▸ **Aim of the task**: From the line containing "Coltar Extensibil Dreapta" to the end of the records below, both included, every line should be repeated exactly; pictures should be dropped.

▸ **Recorded data**:
+++

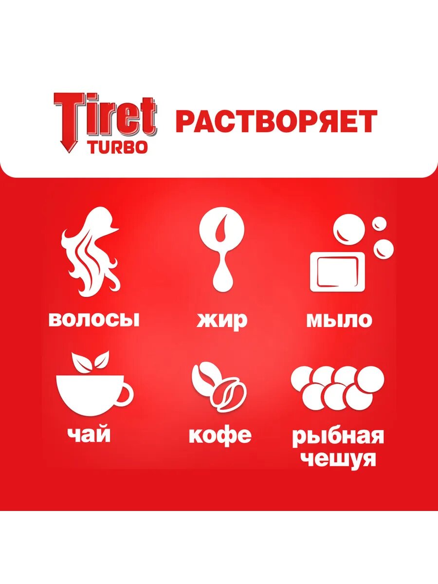Средство от засоров Tiret Turbo, для прочистки канализационных труб, антизасор,500мл
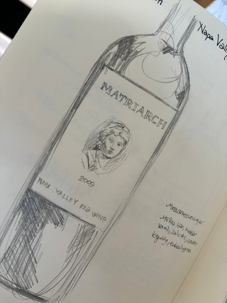 Den påbörjades hösten 2022, vilket var samtidigt som jag började jobba på vinfolket. Och det märks, för boken är full av viner från baren. Vi måste ju förstås prova allt vin vi ska sälja så att vi kan beskriva vinerna (både för gästen och när vi skapar veckans vinmeny).
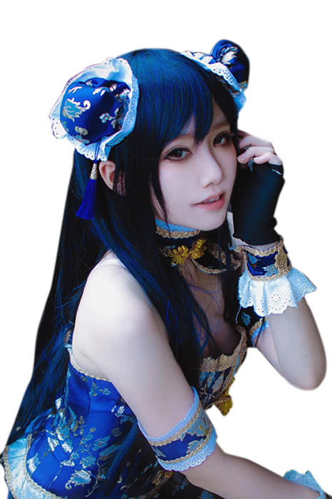 Pelucas de disfraz de Sonoda Umi de Love Live! Pelucas sintéticas de pelo largo y liso de color azul oscuro para cosplay
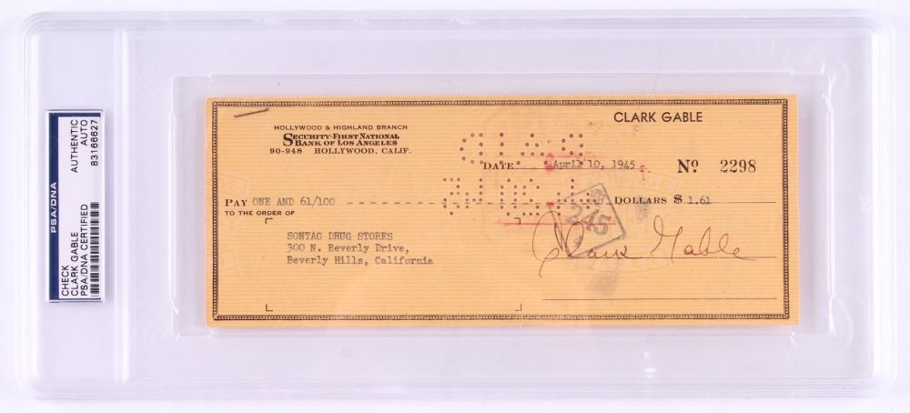 CLARK GABLE SIGNED CHECK (PSA/DNA CERTIFIED) AUTHENTIC
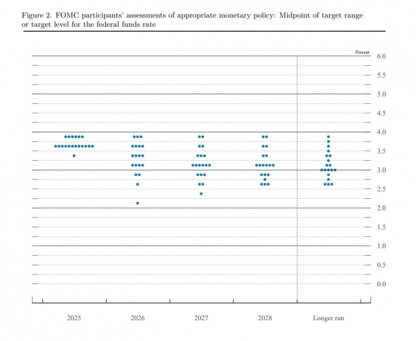 最新发布的点阵图预测显示,多数美联储官员预计2026年和2027年将各有一次25个基点的降息。美联储的中值预测显示,2026年利率为3.4%,2027年为3.1%。有7位美联储官员预计,2026年不会降息。
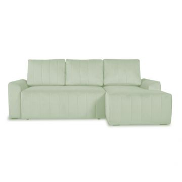 Coltar Extensibil Dreapta Mark, Catifea, 4 Locuri, Lada Depozitare, Verde, 240 Cm
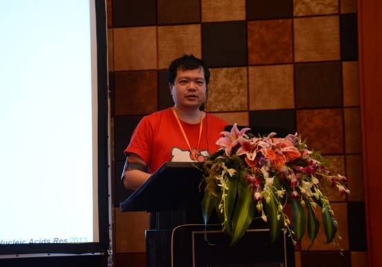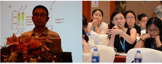 接下来,暨南大学的张弓教授做了题为《翻译组学-RNA组学研究的新天地》的精彩报告。张教授演讲热情洋溢,妙语连珠。张教授除了介绍翻译组学最新进展,还着重介绍了基于其独创的RNC-seq技术揭示了细胞翻译组学的重要特征,并通过此技术预测和验证了部分非编码RNA编码蛋白的现象,也暗示环状RNA也存在编码蛋白或多肽的可能。报告结束后与会人员进行了热烈的讨论。

+++

▸ **Result of this exercise**:
 Coltar Extensibil Dreapta Mark, Catifea, 4 Locuri, Lada Depozitare, Verde, 240 Cm
 接下来,暨南大学的张弓教授做了题为《翻译组学-RNA组学研究的新天地》的精彩报告。张教授演讲热情洋溢,妙语连珠。张教授除了介绍翻译组学最新进展,还着重介绍了基于其独创的RNC-seq技术揭示了细胞翻译组学的重要特征,并通过此技术预测和验证了部分非编码RNA编码蛋白的现象,也暗示环状RNA也存在编码蛋白或多肽的可能。报告结束后与会人员进行了热烈的讨论。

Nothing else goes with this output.